In the latest issue of Rolling Stone, she says she “totally connected” and “resonated” with the film, about a young jazz drummer in thrall to a violently pushy teacher. “When the character said, ‘I’d rather be a 34-year-old genius who did something with his life, dead of a heroin overdose, than live to be 93 and do nothing’, I totally was like, ‘Yes’,” she said. “That really resonated with me... I’ve had teachers like that, for sure.”
She decided her children, aged between 9 and 18, should see it: “I watched it with all my kids, and they were all very mesmerised by it, and I think a little speechless afterward. My son David was the most vocal about it... He said, ‘Wow, I want to make my hands bleed’,” referring to a scene in which the drummer practises so hard and long that he’s left with cuts from his drumsticks.

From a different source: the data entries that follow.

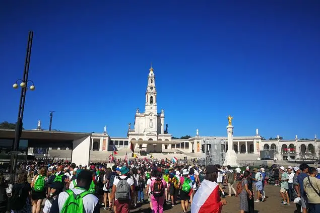 Ed eccoci nell’enorme sagrato di Fatima. Ci sono passati praticamente tutti i gruppi dei partecipanti a questa Gmg, prima di arrivare a Lisbona, come tappa preparatoria o già insediatisi nella capitale portoghese, tanto da poter essere considerata a pieno titolo la seconda città e il cuore spirituale dell’evento. È tutto un tripudio di bandiere delle varie nazioni, dal Messico all’Uruguay, dalla Francia all’Italia, dalla Turchia al Canada.
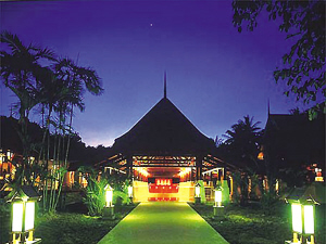 穿梭在“月之影”,你會(huì)有一種時(shí)光停滯的感覺,棕黑色的木柱和白色的基座相互輝映,構(gòu)成了一種古樸的格調(diào),那是一種懷舊的情緒,又滲透著一絲迷人的高貴。據(jù)說,度假村的木材全都取自這個(gè)島上,特別耐用,是一種非常珍貴的木料。雖然已經(jīng)是一個(gè)聞名于世的度假勝地,但是月之影仍然恪守著最傳統(tǒng)的馬來習(xí)俗。每天上午11點(diǎn)左右,島上就會(huì)出現(xiàn)一群穿著當(dāng)?shù)貍鹘y(tǒng)服裝的人,走在前排的人捧著手鼓,中間的人舉著彩帶纏繞的樹枝,后面的人捧著水罐,唱著歌繞“月之影”走一圈。這是他們每天要為島上的SPA進(jìn)行的一個(gè)引水祈福儀式。
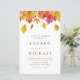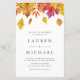 Convide convidados para este convite de casamento no outono. Apresenta a camada aquosa de folhas em tons de outono com um padrão correspondente. Personalize adicionando nomes, datas, horários e outros detalhes. Este convite de casamento é perfeito para casamentos outono. Itens correspondentes estão disponíveis.
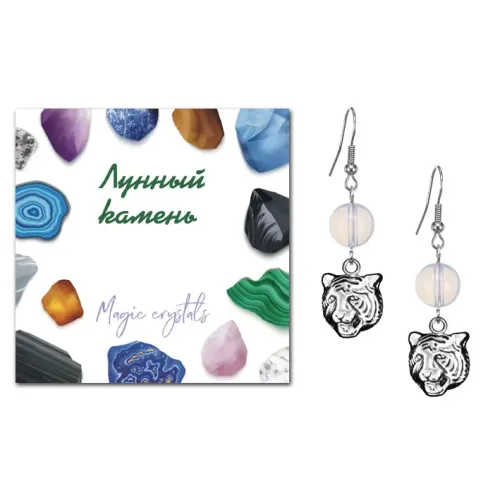 Серьги Тигр (защита, сила, победа), Лунный камень SEB07-14-10
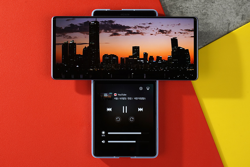 LG 윙(WING)의 메인 스크린에서 유튜브나 자체 동영상 기능을 실행시키면 세컨드 스크린에 미디어 컨트롤러를 배치할 수 있습니다. 특히 앞뒤로 영상을 스킵할 수 있다는 점이 편리했습니다.
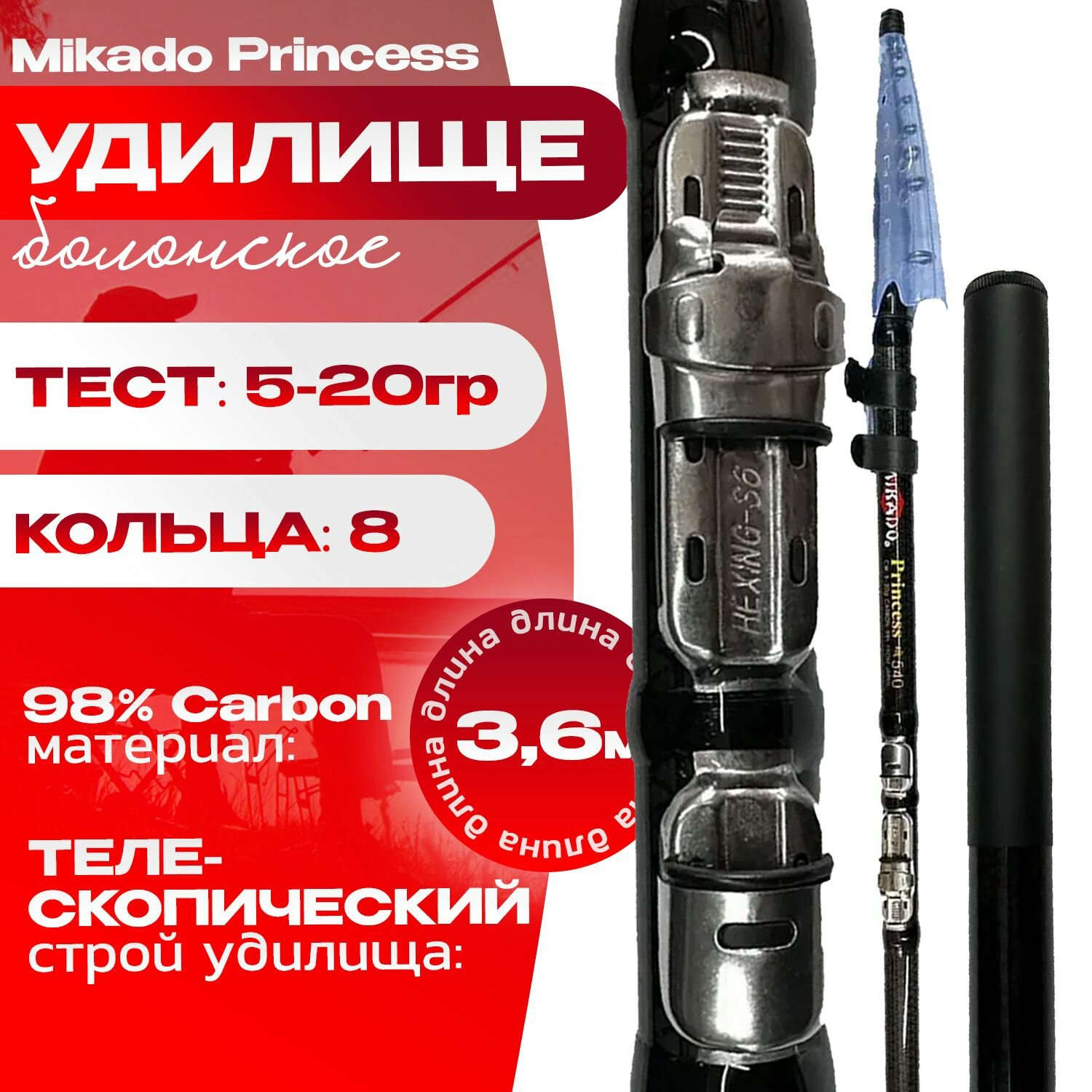 Болонское удилище 3.6 м телескопическое Mikado Princess Тест: 5-20 гр Carbon:98% информация:
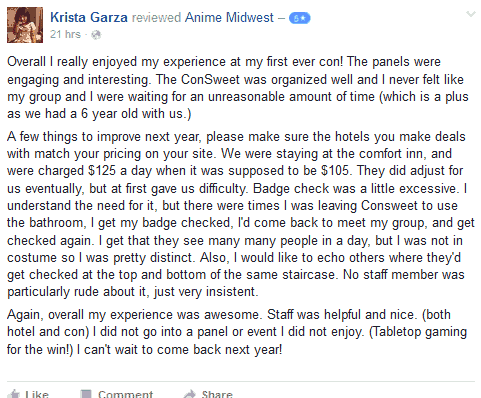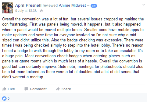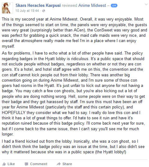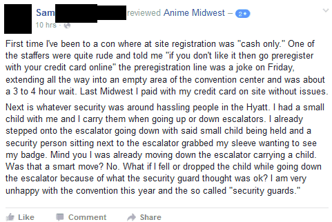 I didn’t have an opportunity to attend the convention, but a lot of people I know did and I started seeing complaints around the web about security harassing them. I decided to investigate the issue and started asking questions. I started making calls, contacting people via Facebook, and even made a few Facebook posts asking people to contact me if they were harassed by Anime Midwest security.
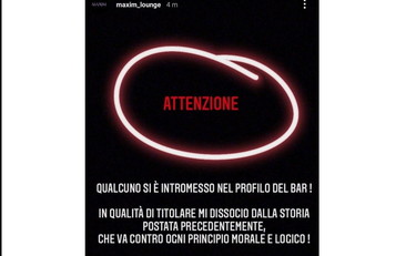 Qualche minuto dopo il fattaccio, sul profilo del Maxim Lounge è stato rimosso l'ignobile post ed è apparsa un'altra storia in cui il titolare del bar fanno sapere che "qualcuno si è intromesso nel profilo del bar! In qualità di titolare mi dissocio dalla storia postata precedentemente, che va contro ogni principio morale e logico!".
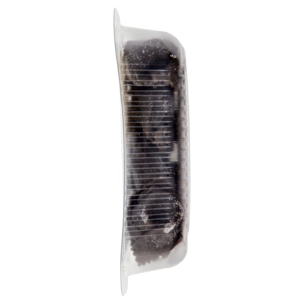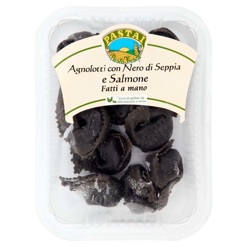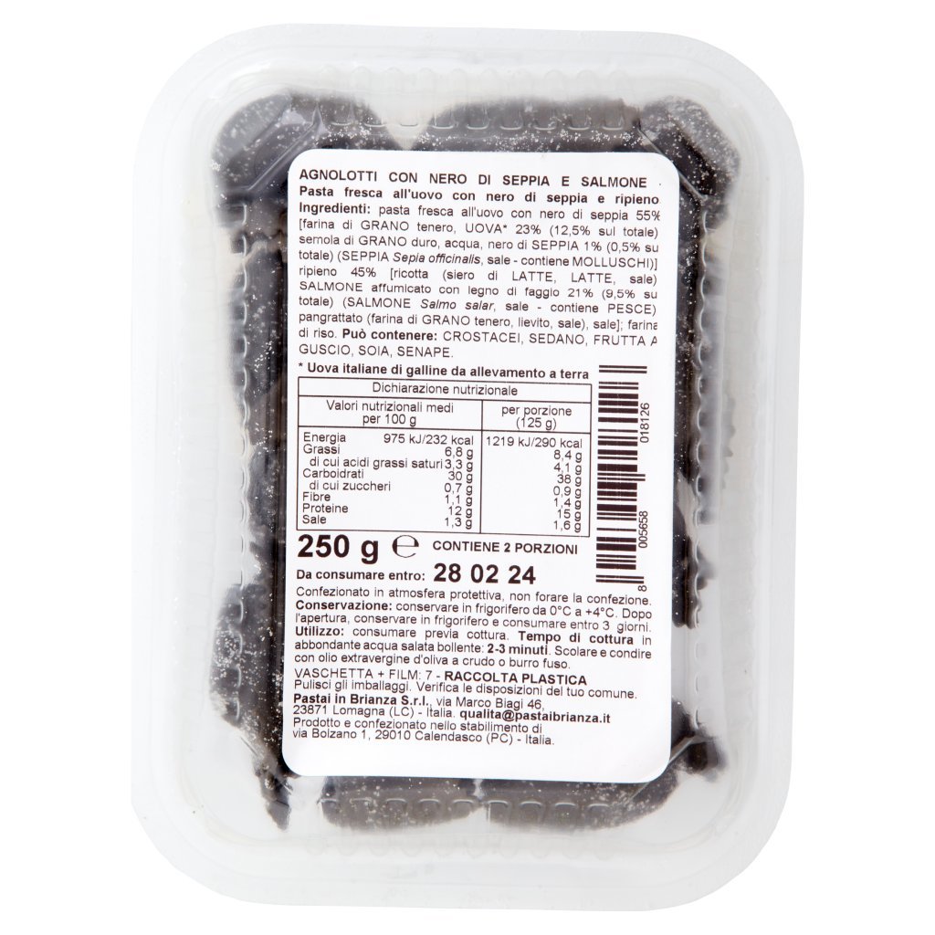 Pasta fresca all'uovo con nero di seppia 55% [farina di GRANO tenero, UOVA* 23% (12,5% sul totale), semola di GRANO duro, acqua, nero di SEPPIA 1% (0,5% sul totale) (SEPPIA Seppia officinalis, sale - contiene molluschi)], Ripieno 45% [ricotta (siero di LATTE, LATTE, sale), SALMONE affumicato con legno di faggio 21% (9,5% sul totale) (SALMONE Salmo salar, sale - contiene PESCE), pangrattato (farina di GRANO tenero, lievito, sale), sale], Farina di riso, Può contenere: CROSTACEI, SEDANO, FRUTTA A GUSCIO, SOIA, SENAPE, * Uova italiane di galline da allevamento a terra
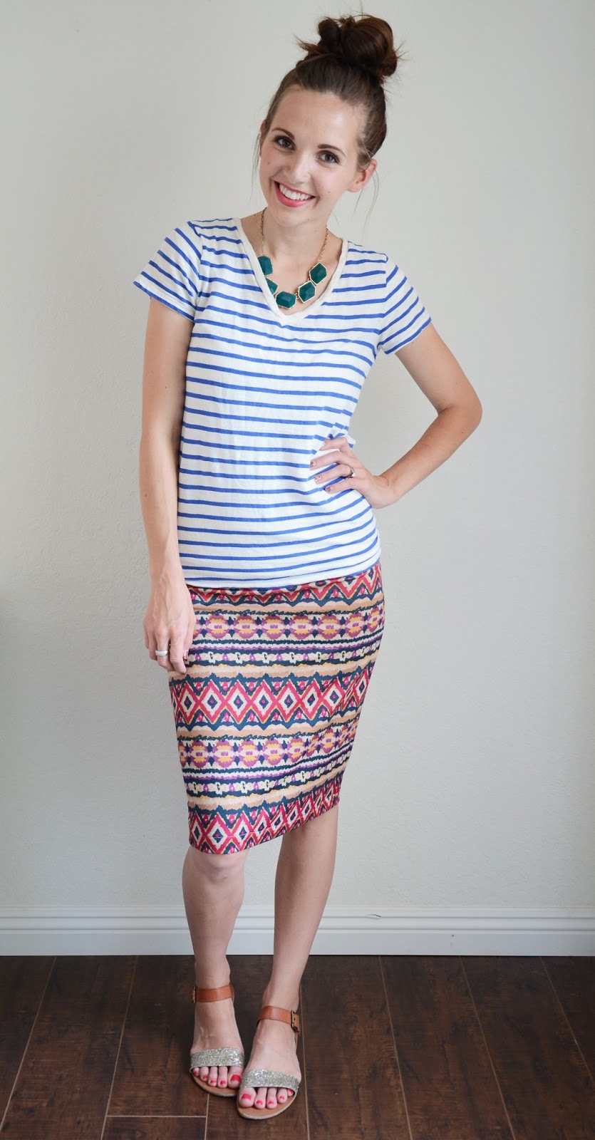 8. You should know by now that I love pattern mixing. Although this is a pretty bold pairing, the colors in the top and skirt are similar so it works. I added a simple but bold

The irony is that Madonna actually suffered whiplash after falling off stage at the Brit awards last week – an Armani cape she was wearing failed to detach and she was sharply pulled down a set of steps. “I didn’t hurt my butt, but I hurt my head,” she told Jonathan Ross in a TV interview. “I had a little bit of whiplash, I smacked the back of my head. I had a man standing over me with a flashlight until about 3am to make sure I was compos mentis.”
Elsewhere in the interview she also further outlined her relatively liberal approach to parenting, saying she wouldn’t ban her daughter Lourdes from taking drugs. “I just ask my daughter to make wise decisions and to do things in moderation and to try not to mix her alcohol,” she said. “I am not going to say ‘no, don’t do it’ because that is just absurd. And it is not fair. Yeah, I did it.”
Meanwhile the 18-minute prototypical version of Whiplash has been unofficially posted on YouTube. Director Damian Chazelle made the short film with Oscar-winning star JK Simmons to try and drum up financial support for a full feature – it screened at the 2013 Sundance film festival and subsequently secured its funding.